What we remember ....

My husband had a story that he would tell me in the first years of our relationship. The story was about this incredible house with elaborate painted turned posts on the porch. A previous owner was alleged to have been buried in the front yard in a sitting up position. He remembered this story from when he lived in Dublin, Virginia while he was in junior high school. He told me this story many times. Then one day we drove to Dublin.

On a hill overlooking the highway on a small plot of land where the splendid house with the fancy porch trim was supposed to be was an unremarkable looking Mission style house with square porch posts and no other trim at all. Nor was there any fancy paint. The house was the sort that looked as though it never had had any fancy paint. The front yard was a normal looking front yard with no marker of anyone buried there. If someone was buried there, it would be hard to imagine WHY they would have wanted to be buried there. The house was old enough to have been there long before my husband's junior high years.

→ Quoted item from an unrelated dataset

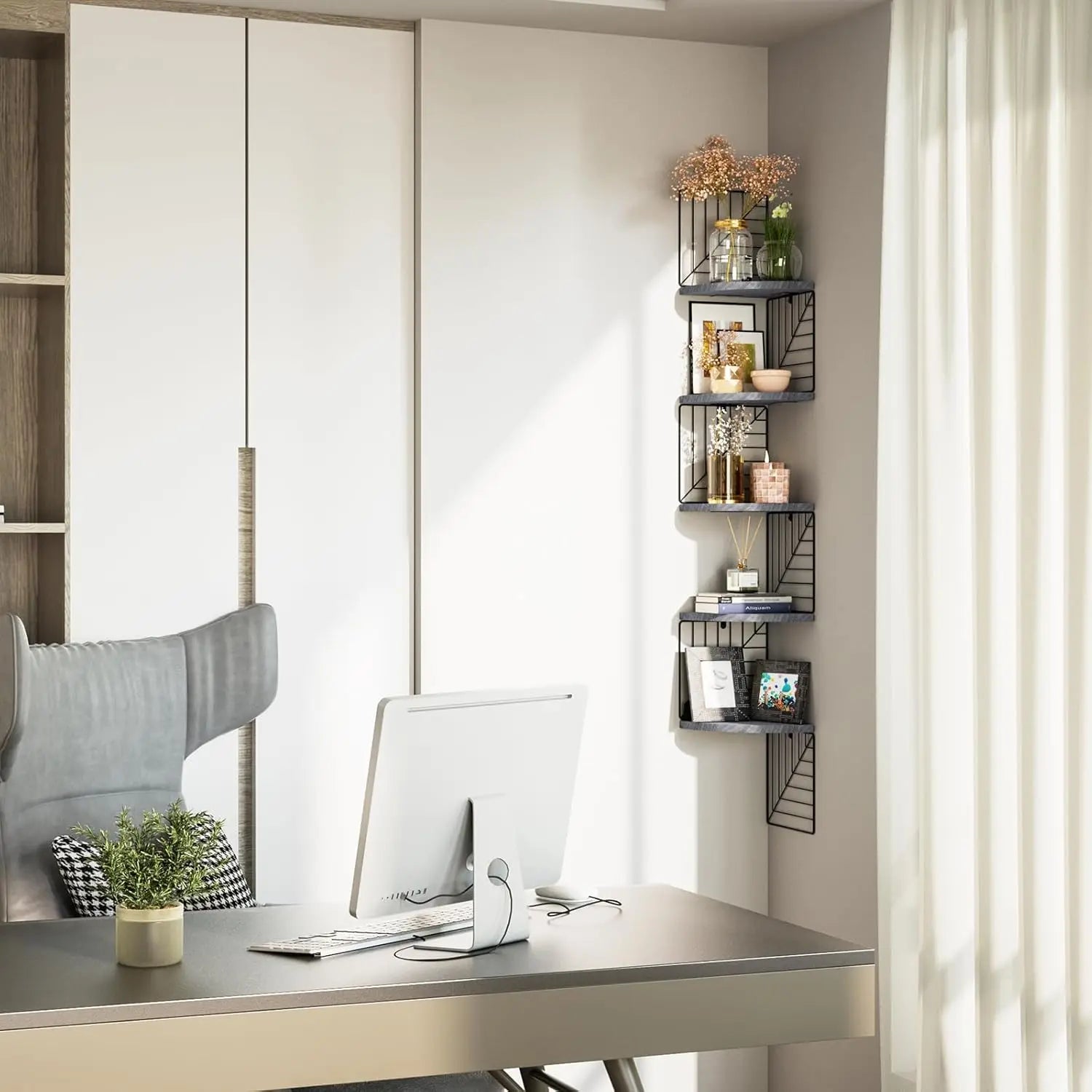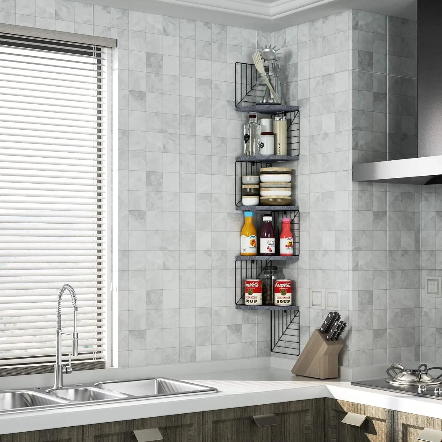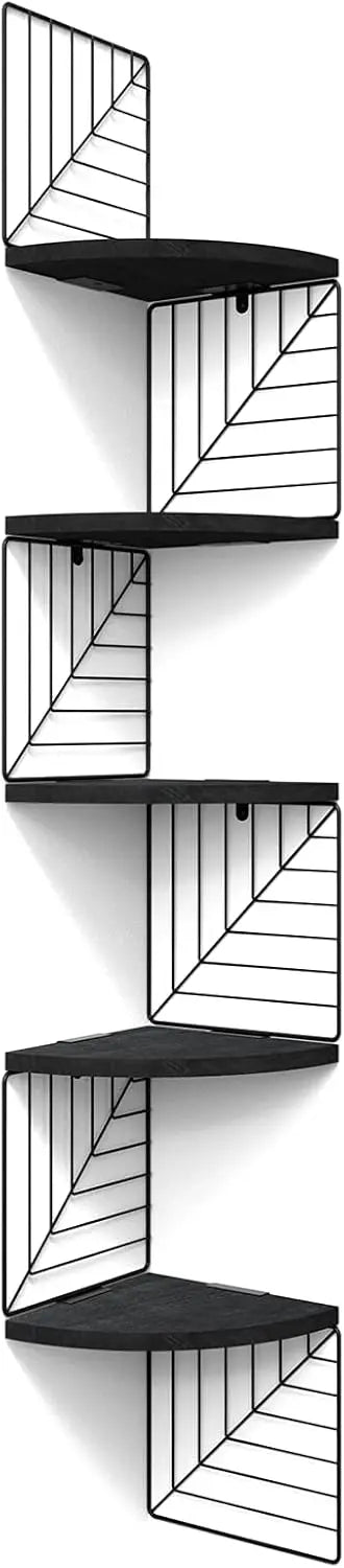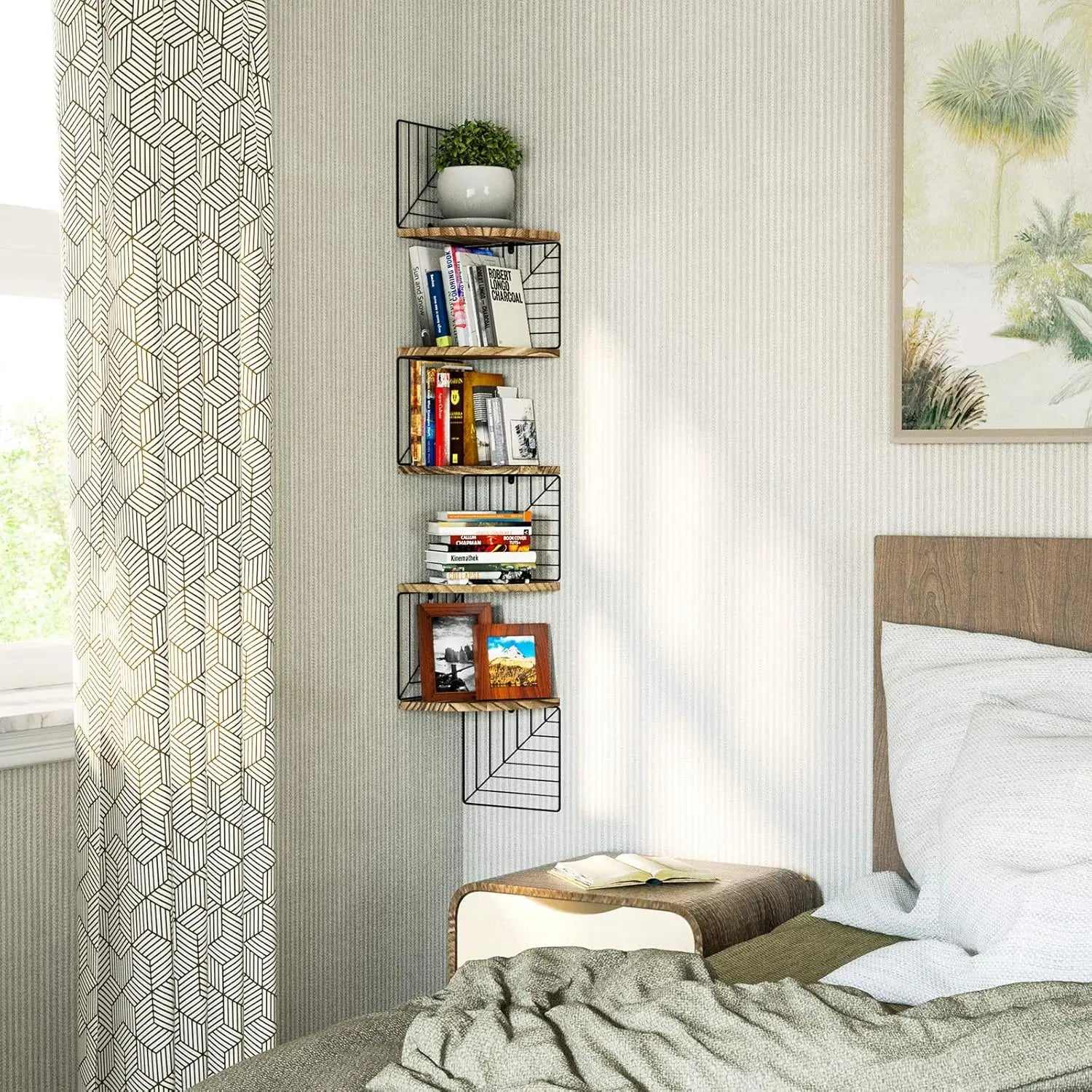 5-Tier Rustic Wood Corner Wall Shelf – Floating Shelves for Bedroom, Bathroom, Kitchen, or Office

My husband was astonished. It varied so remarkably from his oft told description and his memory. It had to have been the same house. Whatever it was about the house that had impressed itself in his memory wasn't there now and looked as though it never had been. Perhaps this rather unremarkable Mission style house was the fanciest thing he had seen at that point in his life when he was a young teenager? Then, as time went along and he moved away and saw other houses, he improved on that house in his memory bit by bit till it was an extravagant example of Victorian architecture. He wanted his memory to be the wonderful memory that it was. He didn't want the memory to change or be diminished by what he saw later in life. So the house got better and better.

Whatever the reason, the same kind of memory magic has happened to me and to him on several occasions. One time when he was an adult and in his early thirties he saw a plaster figure in the collection of a friend. He offered to pay $10,000 for it, an offer which was rejected. Then he didn't see the figure for about 10 years. He told me about it and how incredible it was. Finally we went to visit the collector who had decided to sell the piece. But it wasn't anywhere near as wonderful as he remembered and he was happy to be able to leave without having to buy it. It wasn't really wonderful at all.

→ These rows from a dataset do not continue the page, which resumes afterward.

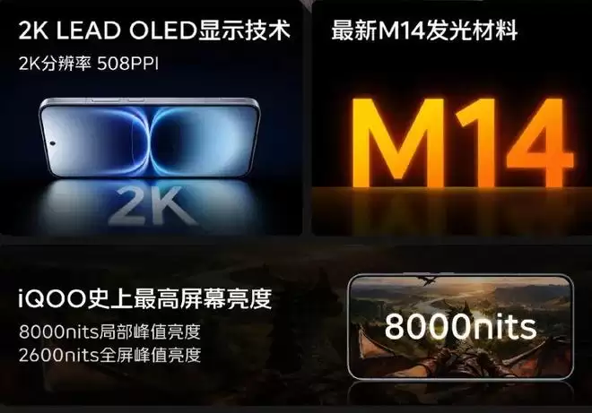 结合最新海报来看,iQOO15 Ultra屏幕采用 2K LEAD OLED 显示技术,支持 2K 分辨率、508PPI;最新 M14 发光材料,iQOO 史上最高屏幕亮度,支持 8000nits 局部峰值亮度、2600nits 全屏峰值亮度。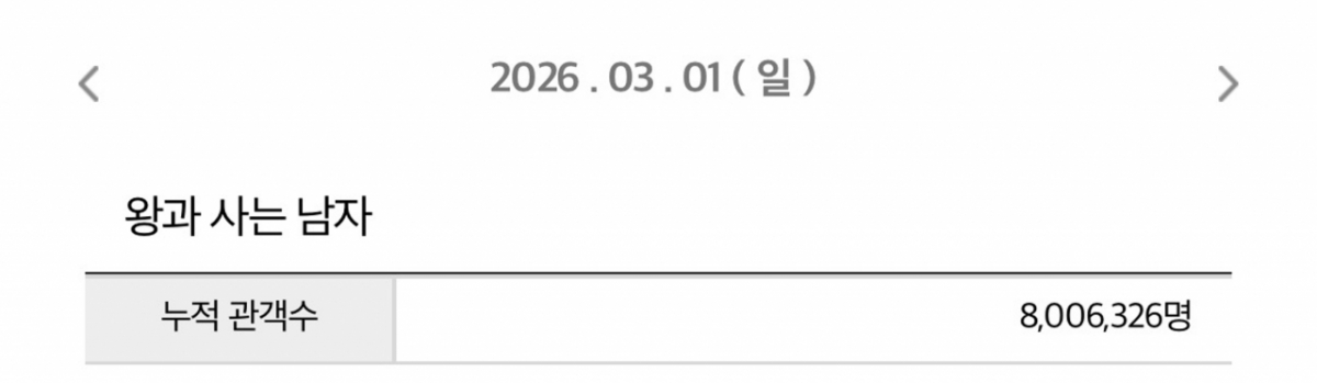 영화관입장권 통합전산망에 따르면 '왕과 사는 남자'는 개봉 26일째인 1일 기준 누적 관객수 800만 6326명을 기록했다. 관객들의 입소문과 N차 관람 열풍이 이어진 덕이다.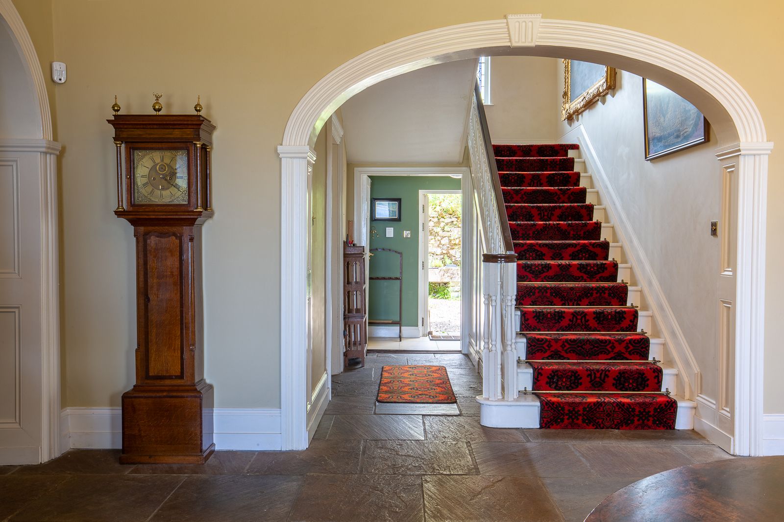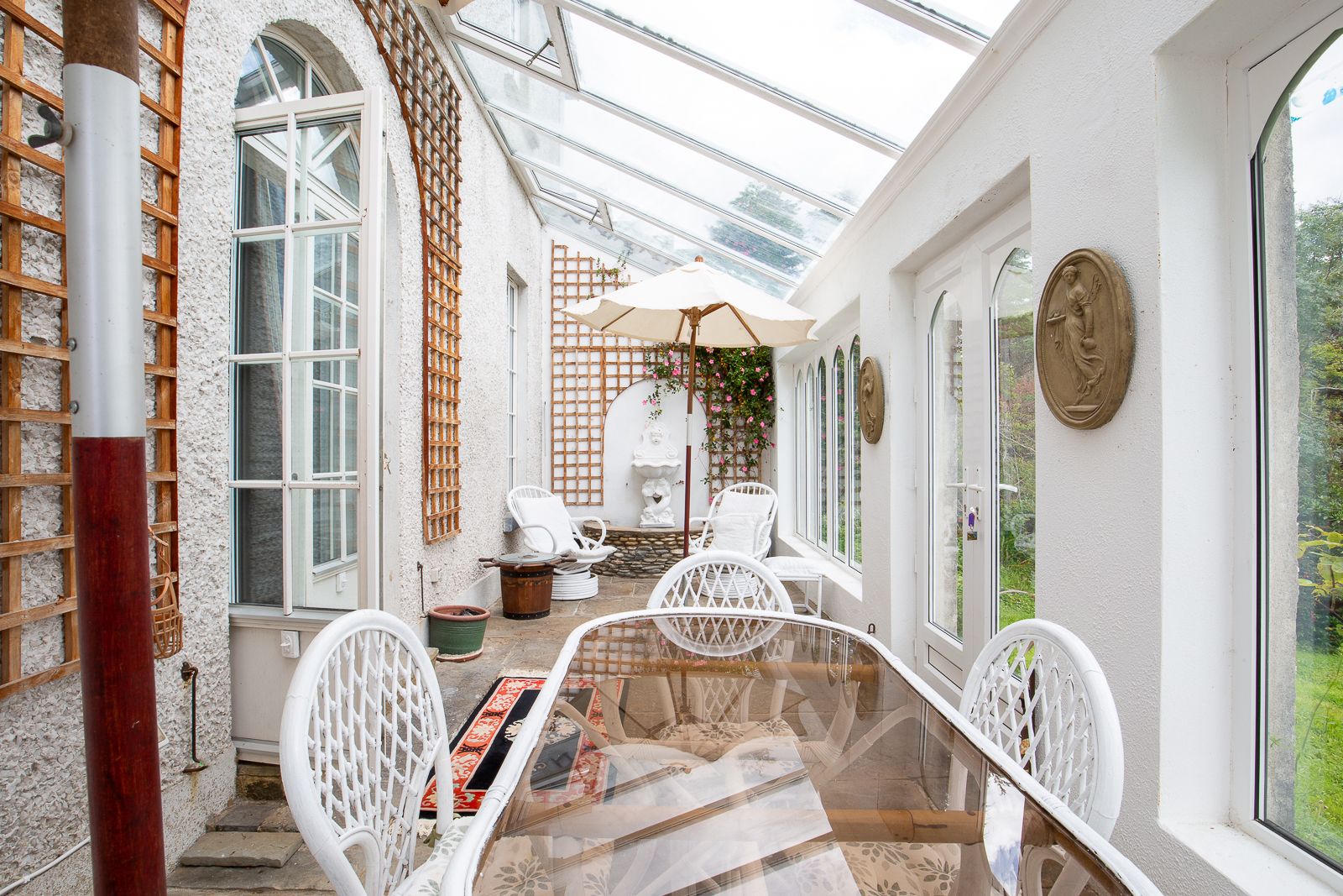 The main house has four elegantly furnished, spacious reception rooms. The hall features a solid-fuel stove and opens onto a sheltered terrace with garden furniture, offering stunning views of the sea. The drawing room, with an open fireplace and several seating areas, leads to a bright conservatory. The library has comfortable sofas, TV and a large selection of books. There is a separate kitchen, a pantry for household chores, and a cloakroom. Upstairs, there are five large double bedrooms and three bathrooms.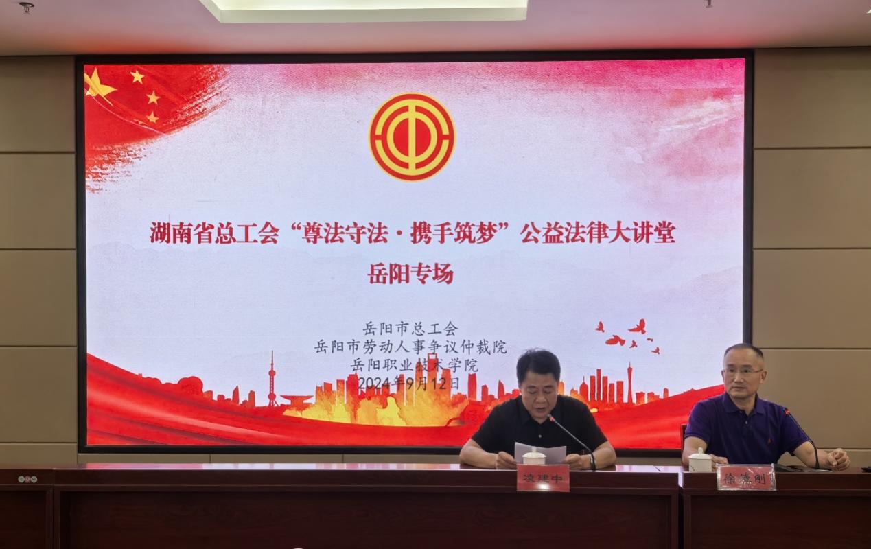 9月12日下午,岳阳市总工会按照湖南省总工会工作要求,在岳阳职业技术学院开展了“尊法守法•携手筑梦”公益法律大讲堂活动,太阳集团城网址83138徐德刚教授以省总工会法治宣讲团讲师身份前往宣讲,来自市总工会、市劳动人事争议仲裁院、市产业工会、中央省属企事业工会、岳阳职业技术学院教师及网约车司机等70余人参加了活动。

One of my first memories is from when I was two years old and fastened by a harness and a leash to the back porch of the apartment building where my parents lived. There was a huge dog, about the size of a St. Bernard, on the stairs of the porch. If I tried to go near the porch, it barked and threatened me. It was HUGE! Years later I asked my mother about the dog. She remembered it and said that it was a very small puppy.

Another memory was when I was an adult and had gone to an auction. I am an antiques dealer. There was an antique blanket chest there, a small chest in the most gorgeous powder blue. I was outbid on the chest. I regretted not having bid higher and I kept thinking of this exquisite blanket chest which I had let get away. Then I saw it again when it was brought into an antiques show I was doing. It had grown larger, darker, and was in not as great a condition as I had remembered it. How could it possibly be the same chest? But it was.

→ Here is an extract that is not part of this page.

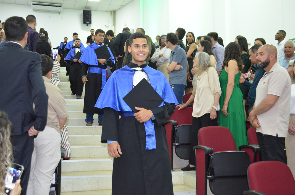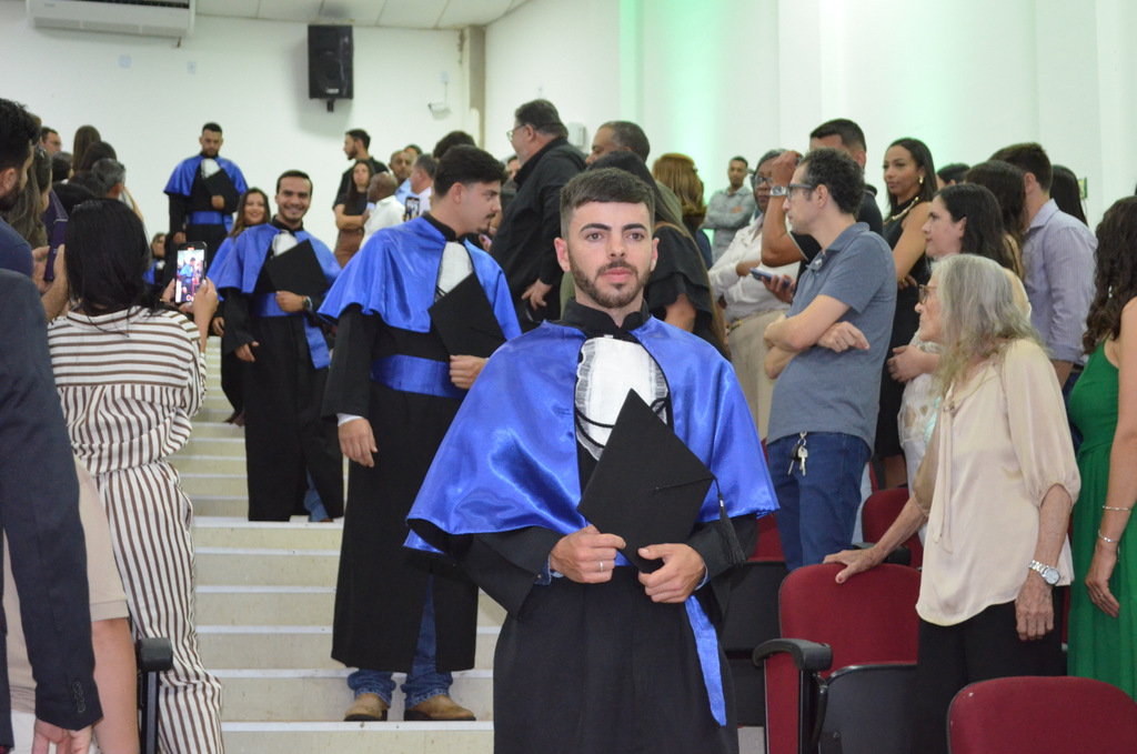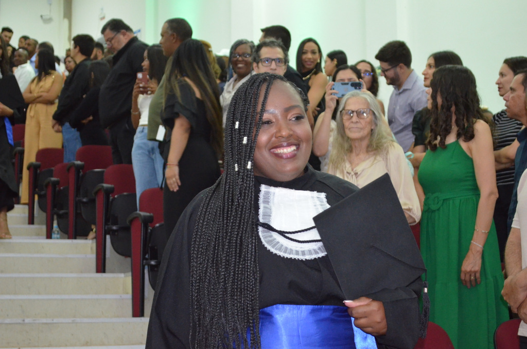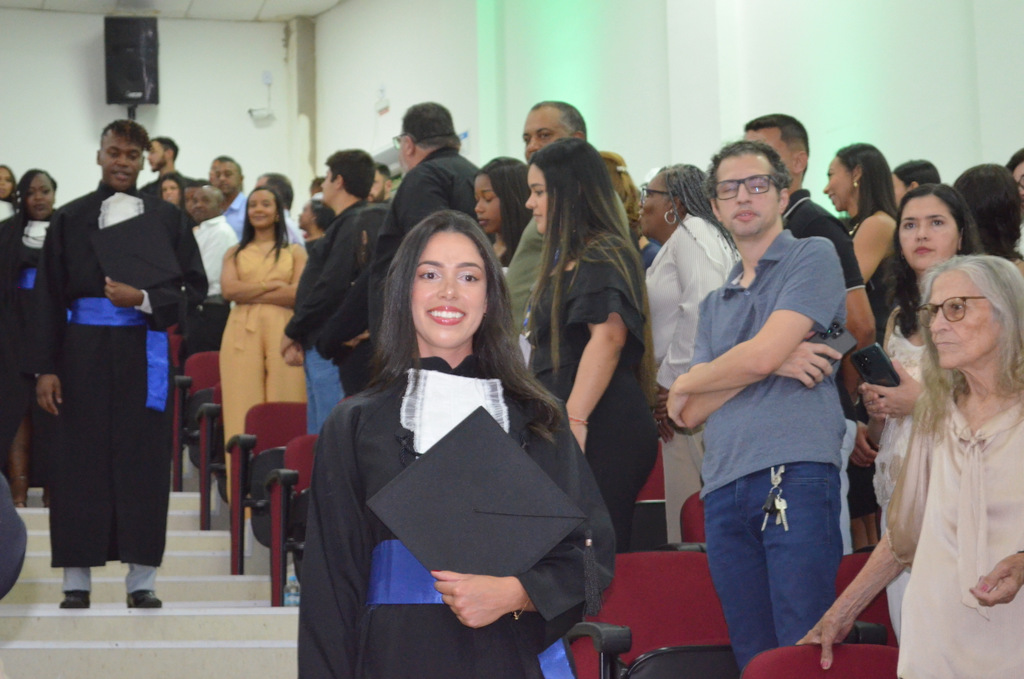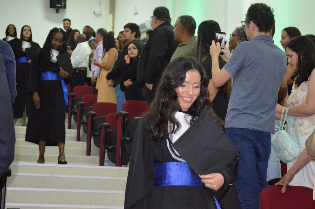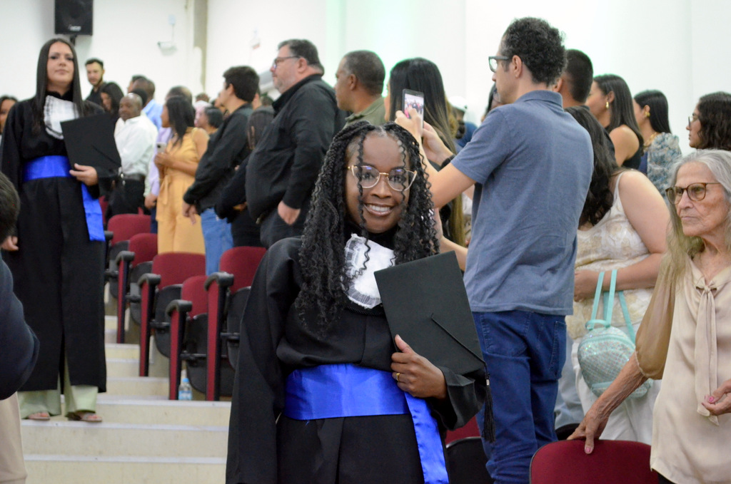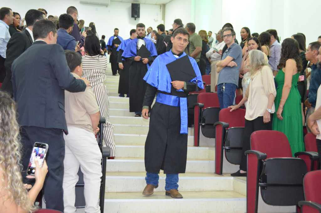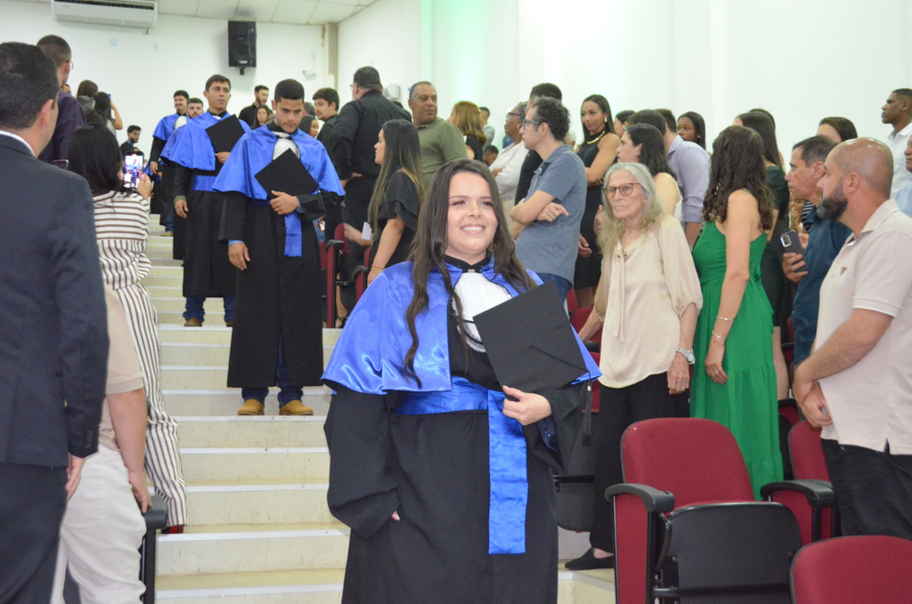 A solenidade terminou em clima de celebração, com a tradicional contagem regressiva e o lançamento dos capelos, simbolizando a conquista de uma etapa importante na vida acadêmica dos formandos.

When Roseanne, the actress, comedienne, and celebrity, spoke up years ago about the abuse she said she had suffered at the hands of her parents, I was shocked that her parents would treat her that way. Then I heard that they took a lie detector test, both of them, and passed it. The situation appalled me. How could someone lie about their parents. My daughter would never do that. Until she did. Is it too confrontational to say it that way? Lie might not be the right word.

I know she reads this and that my using that word will anger her. It might help if I say that, yes, I think she remembers something about a pool and a diving board and being afraid and feeling harangued but I am sure that the actual event differed in the details.

I don't know why Roseanne's and her parents' accounts of her childhood are so different but in the case of my daughter, perhaps she is looking for evidence of what she perceives currently as my intrinsic meanness to bolster her reasons for being estranged from me. Anything in her memory that fits at all into her picture of mean me could help paint her picture more vividly.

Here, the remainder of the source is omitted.